When I connect to Jjupyter notebook in cloud instances, I need to go through a public network, while when I connect to my Z8G4 I only need to go through a LAN. So one of the obvious advantages of a workstation at home is that it is not dependent on the network environment and has very low latency. When I rent instances from vast.ai, I don't know where on earth the instance I'm renting is. It could be in the US, it could be in China or Europe, it could even be in the Arctic. Usually, unless the instance is in Japan, I experience significant latency when I connect to it via Jjupyter notebook. But connecting to my workstation at home over the LAN is almost indistinguishable from setup Jjupyter notebook directly from my laptop -- I don't feel any latency.
As for why I don't use the workstation directly, but connect it via LAN, the reason is very simple. Because Ubuntu's GUI takes up some of the GPU memory, usually 300-500mb, which is not a huge amount. But once I started training the model on the GPU, Ubuntu's GUI would become so laggy that I could hardly do anything else properly. So turning off the Ubuntu's GUI and connecting the workstation via a laptop not only solves the GUI lag problem when training the model, but also saves a few hundred MB of GPU memory.
In my previous workflow, I had no way to debug new experimental code if all the GPUs in my rented cloud instance were fully loaded. But that's not the case with the ZBook Studio, which not only has a 16GB GPU, but is also very thin and light. Now I can use ZBook Studio to debug new experiment’s code even when the GPUs on my workstation and instance are fully loaded. When the code is being able to run on ZBook Studio, I copy it to the workstation or instance and can quickly start the next experiment when the current one is finished. This effectively improves my GPU utilization.

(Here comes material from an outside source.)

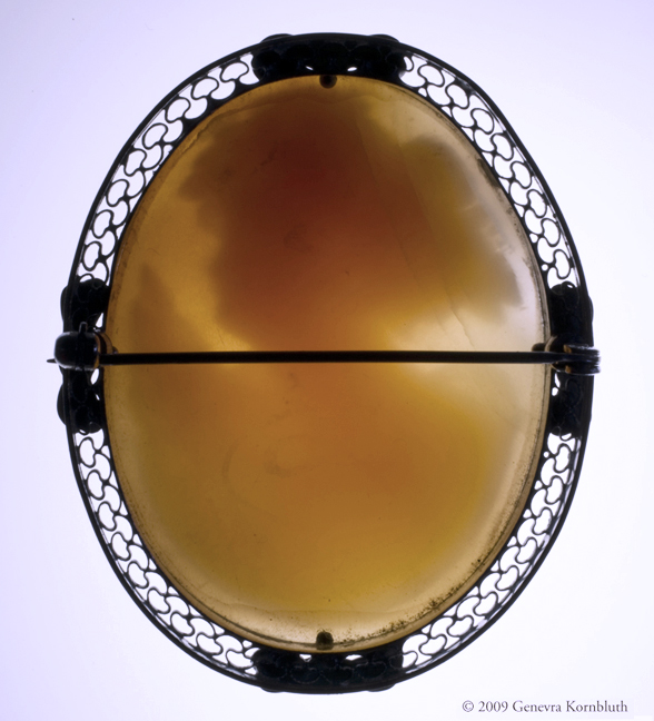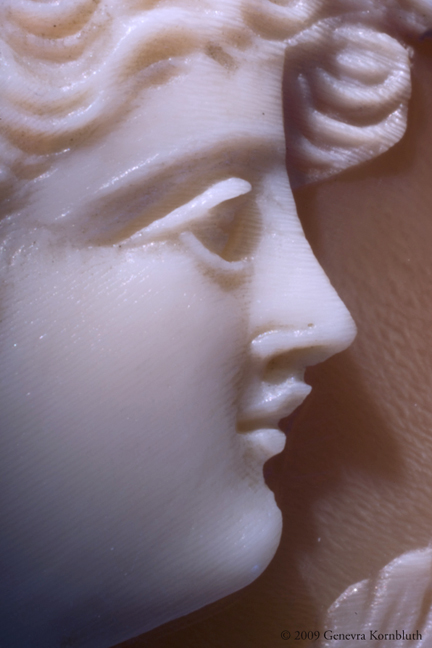 Brooch: woman in a flower wreath, shell cameo, late 19th to early 20th c., p.c.

Of course, it is possible to train models directly on ZBook Studio as well, but I personally don't recommend it because laptops have poor heat dissipation capabilities and working in high temperatures for long periods of time can damage the life of the laptop.
Speed of the NVIDIA Quadro RTX 6000
I have compared the speed of the NVIDIA Quadro RTX 6000 and NVIDIA V100 GPUs while kagglinge in the NFL and Cassava competitions. The comparison was done by running some of the same experiments with an NVIDIA Quadro RTX 6000 on my Z8G4 workstation, and a V100 on vast.ai. The CNN architectures used are EfficientNet and EfficientDet. To draw a direct conclusion, the NVIDIA Quadro RTX 6000 is about 90% ~ 100% as fast as the V100, with slight variations depending on by the CNN architecture. So I'm also very happy with the speed of the Z8G4's NVIDIA GPU.
About Z by HP Data Science SW Stack
To make it faster for users to get started with the workstation or ZBook, the Z by HP team can pre-install a set of software for users called "Z by HP Data Science SW Stack", which includes CUDA, RAPIDS, cudnn, Tensorflow, Pytorch, Docker and dozens of others. software commonly used by data scientists. Of course, users can also install this softwares by themselves.
However, as of now, users are not able to select the software they need to install from the SW Stack themselves, so it may not be so friendly for data scientists who don't like to have a lot of software installed on their computers that they won’t use.